Nissan predicts rising costs, flats due to equipment shortages

On Thursday, Nissan Motor Co. forecast flat operating profit for the current fiscal year, significantly lower than analysts had predicted, as the company faces tougher trading conditions due to global chip shortages, rising material costs and China’s Cowid restrictions.

Nissan has joined a growing list of companies worldwide that warns of worsening profits because they cannot fully pass on rising input costs to consumers and prepares for more supply chain hold-ups after the Ukraine conflict and prolonged COVID lockdown in China.

Its biggest rival, Toyota Motor, said on Wednesday that an “unprecedented” increase in raw material costs could cut profits by a full year.

Nissan expects sales to grow 18.7% to 10 trillion yen ($ 77.6 billion) in the current fiscal year, which begins in April. But operating profit will increase by only 1% to 250 billion yen, less than the average estimate of 318.5 billion yen from 19 analysts surveyed by Refinitiv.
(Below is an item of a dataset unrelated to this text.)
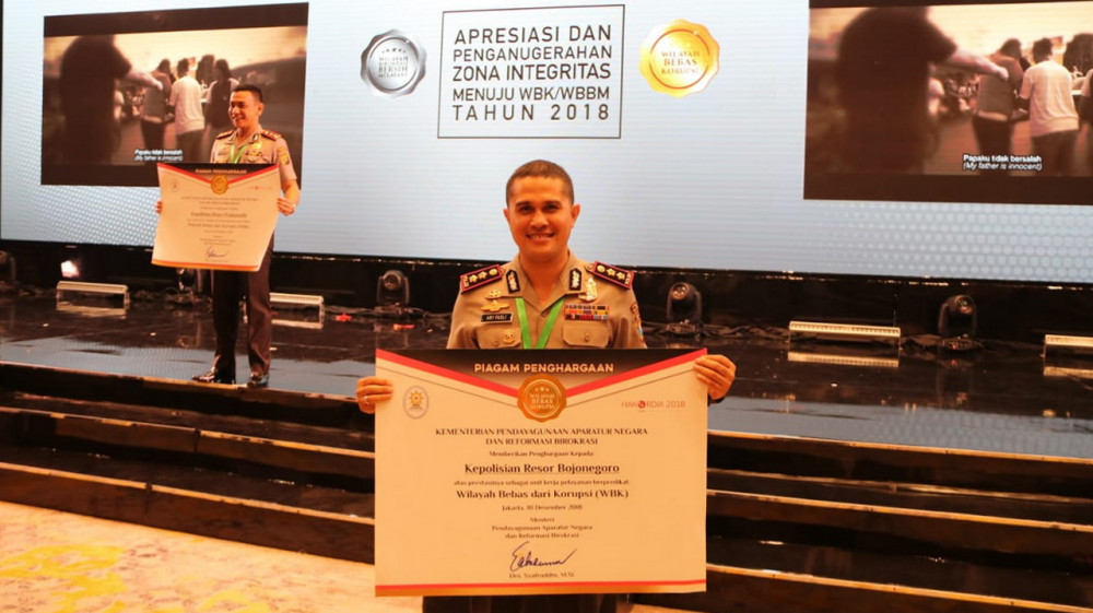 Jakarta - Dalam acara apresiasi dan penghargaan Zona Integritas menuju Wilayah Bebas dari Korupsi (WBK) dan Wilayah Birokrasi Bersih Melayani (WBBM), yang diselenggarakan oleh Kementerian Pendayagunaan Aparatur Negara dan Reformasi Birokrasi (PAN-RB), Polres Bojonegoro menjadi salah satu unit kerja yang berhasil meraih predikat Wilayah Bebas dari Korupsi (WBK).
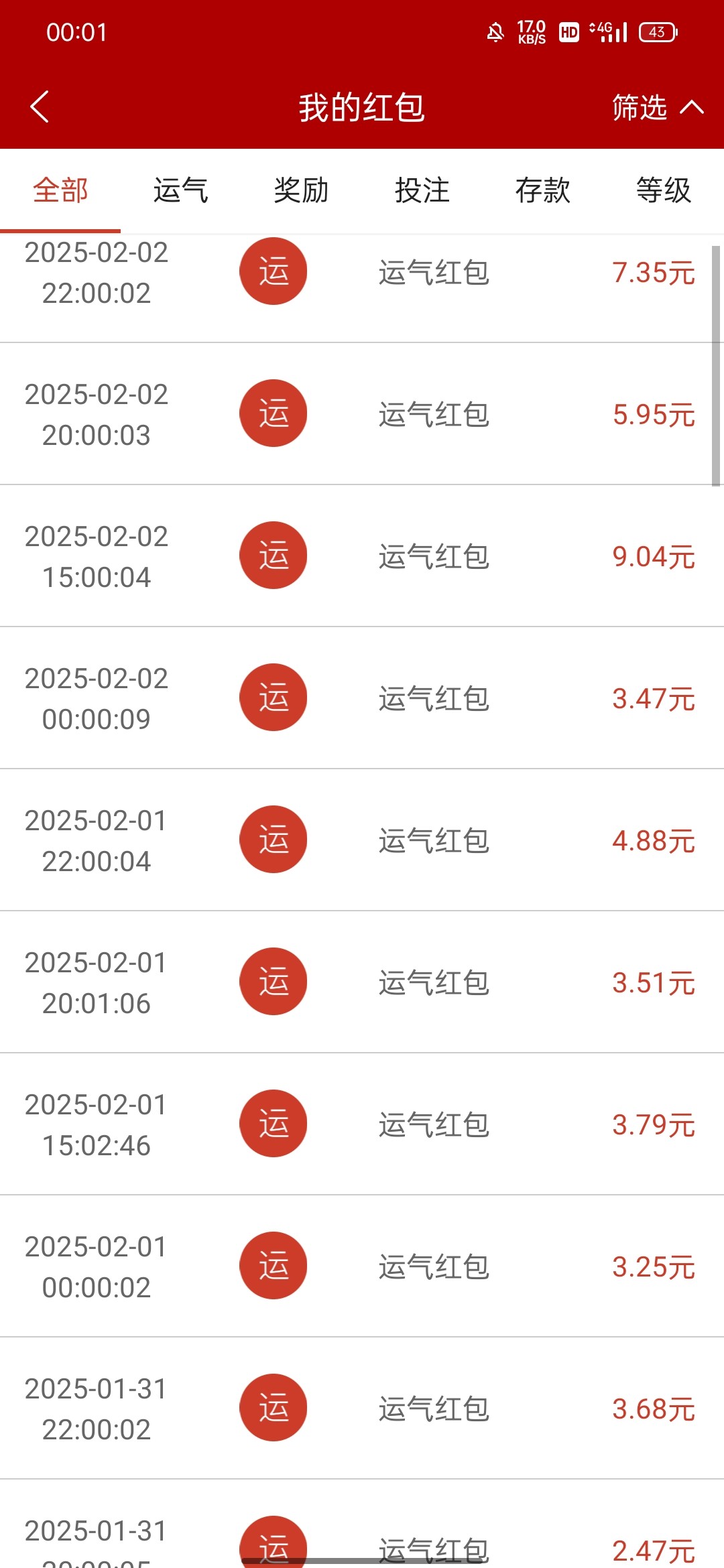 显示别人都几百几千的红包,真他妈的能吹牛逼

Japan’s third-largest carmaker posted an operating profit of 56 billion yen in the fourth quarter, helped by cost cuts and a sliding yen, compared to a loss of 19 billion yen at the same time a year earlier.

The results were better than the average profit forecast of 38.3 billion yen from the eight analysts surveyed by Refinitive.

Nissan said its global production had previously declined for the fourth consecutive business year due to a shortage of global semiconductors, the latest fall being 11% year on year.